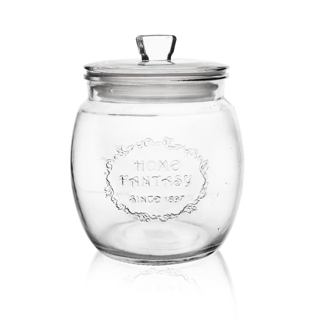 Dóza s víčkem na uložení koření, sušených plodů, bylinek a potravin... Materiál: sklo, plast. Rozměry: objem 1 l, pr. 11 cm, v. 15 cm.
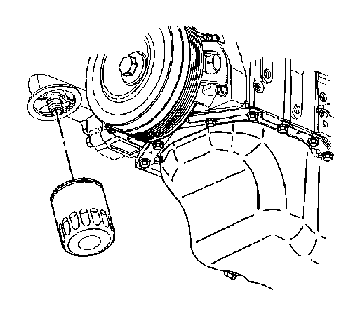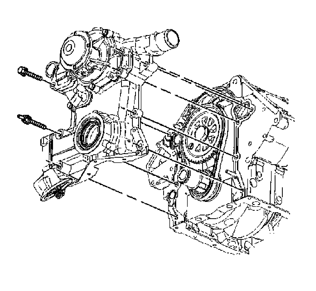 Important: The oil pan can be dropped slightly for engine front cover clearance if all pan bolts are loosened and the oil level sensor is removed.
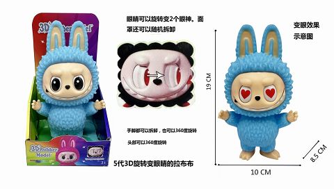 第5代全球系列版系列 19CM眼睛旋转变眼搪胶炫彩拉布布摆件,功能描述手脚,脸蛋都可以都可以随意拆卸
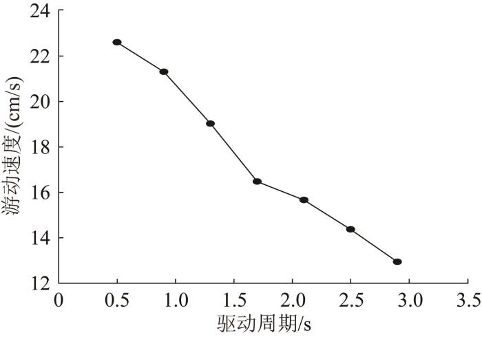 由图22可知,机器人的游动速度随驱动周期减小呈增大趋势。当驱动周期为2.8 s时,机器人样机的游动速度最小,为12.93 cm/s;当驱动周期为0.5 s时,机器人样机的游动速度达到22.5 cm/s。
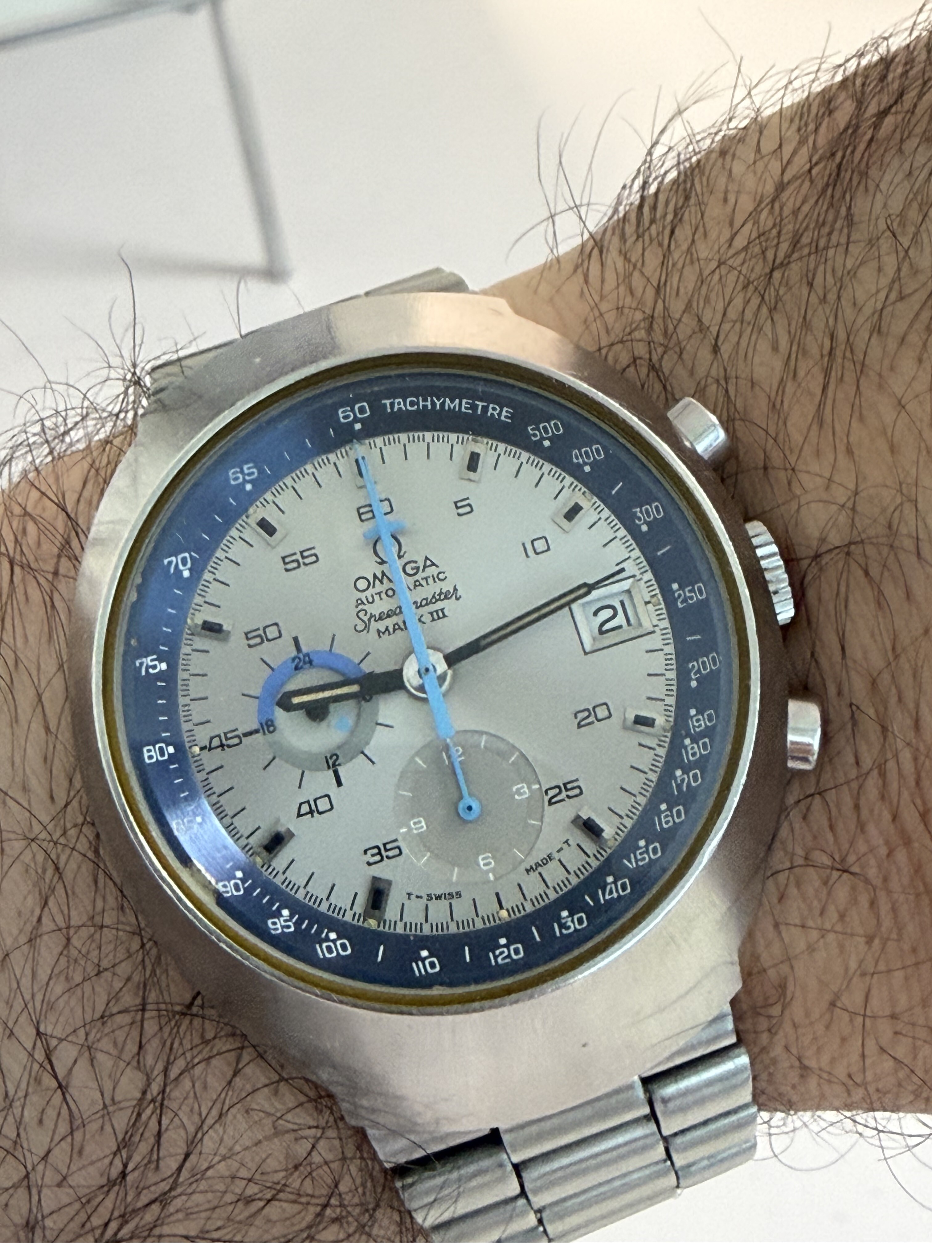 Ja hij is prachtig. Ik vind die met de electric blue dial ook mooi maar deze doet daar zeker niet voor onder. Mooie grijze/zilveren wijzerplaat met zwarte wijzers. Ik hoop dat je kunt aangeven indien de staat nog goed genoeg is om zoveel mogelijk originele onderdelen te behouden. Vaak zijn de nieuwe service onderdelen (en dan praat ik niet over een rubbere seal maar over wijzers/dials/bezel) net een beetje anders dan de vintage onderdelen. Zo kun je bij deze vintage modellen (maar ook de PloProf, Mark II, flightmaster, etc) heel snel zien of het nog de originele authentieke onderdelen bevat. Bijvoorbeeld de T - Swiss Made - T op de wijzerplaat. Wanneer er een service plaat in zit dan zijn de T’s weg en zit er ook geen tritium lume meer op, maar SuperLuminova. Hetzelfde voor de wijzers. Een getraint oog kan het verschil zien tussen een originele bezel en een service bezel. Ik ben niet afgestudeerd op de mark III maar bij andere modellen zit er bijvoorbeeld een ander type lume op de bezel (divers), een ander lettertype font, bij inner bezels kan de step een andere hoek hebben enzovoorts. Ik weet niet of bij de mark III de bezel op/in het glas zit (zoals bij de Mark II) of dat het een inner-ring betreft.
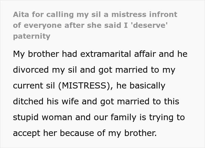 The OP explained that his brother had divorced his first wife and married the woman he cheated with, now making her his current sister-in-law. The family, trying to keep things civil, has been awkwardly adjusting to this new reality.
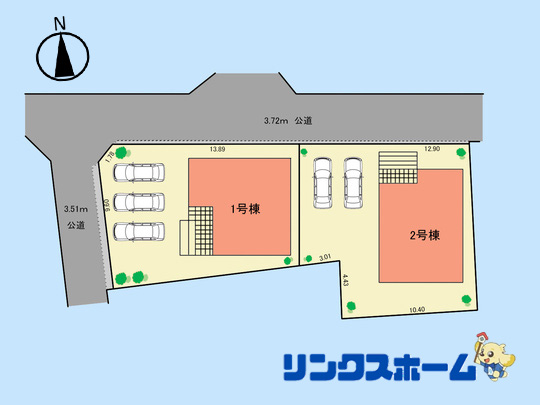 | 接道状況 | 北側3.72m公道(セットバック後幅員)西側3.51m公道(セットバック後幅員) | ||

====

(What is required):
Would you copy out all the data exactly, without the images?

(Answer box):
 Dóza s víčkem na uložení koření, sušených plodů, bylinek a potravin... Materiál: sklo, plast. Rozměry: objem 1 l, pr. 11 cm, v. 15 cm.
 Important: The oil pan can be dropped slightly for engine front cover clearance if all pan bolts are loosened and the oil level sensor is removed.
 第5代全球系列版系列 19CM眼睛旋转变眼搪胶炫彩拉布布摆件,功能描述手脚,脸蛋都可以都可以随意拆卸
 由图22可知,机器人的游动速度随驱动周期减小呈增大趋势。当驱动周期为2.8 s时,机器人样机的游动速度最小,为12.93 cm/s;当驱动周期为0.5 s时,机器人样机的游动速度达到22.5 cm/s。
 Ja hij is prachtig. Ik vind die met de electric blue dial ook mooi maar deze doet daar zeker niet voor onder. Mooie grijze/zilveren wijzerplaat met zwarte wijzers. Ik hoop dat je kunt aangeven indien de staat nog goed genoeg is om zoveel mogelijk originele onderdelen te behouden. Vaak zijn de nieuwe service onderdelen (en dan praat ik niet over een rubbere seal maar over wijzers/dials/bezel) net een beetje anders dan de vintage onderdelen. Zo kun je bij deze vintage modellen (maar ook de PloProf, Mark II, flightmaster, etc) heel snel zien of het nog de originele authentieke onderdelen bevat. Bijvoorbeeld de T - Swiss Made - T op de wijzerplaat. Wanneer er een service plaat in zit dan zijn de T’s weg en zit er ook geen tritium lume meer op, maar SuperLuminova. Hetzelfde voor de wijzers. Een getraint oog kan het verschil zien tussen een originele bezel en een service bezel. Ik ben niet afgestudeerd op de mark III maar bij andere modellen zit er bijvoorbeeld een ander type lume op de bezel (divers), een ander lettertype font, bij inner bezels kan de step een andere hoek hebben enzovoorts. Ik weet niet of bij de mark III de bezel op/in het glas zit (zoals bij de Mark II) of dat het een inner-ring betreft.
 The OP explained that his brother had divorced his first wife and married the woman he cheated with, now making her his current sister-in-law. The family, trying to keep things civil, has been awkwardly adjusting to this new reality.
 | 接道状況 | 北側3.72m公道(セットバック後幅員)西側3.51m公道(セットバック後幅員) | ||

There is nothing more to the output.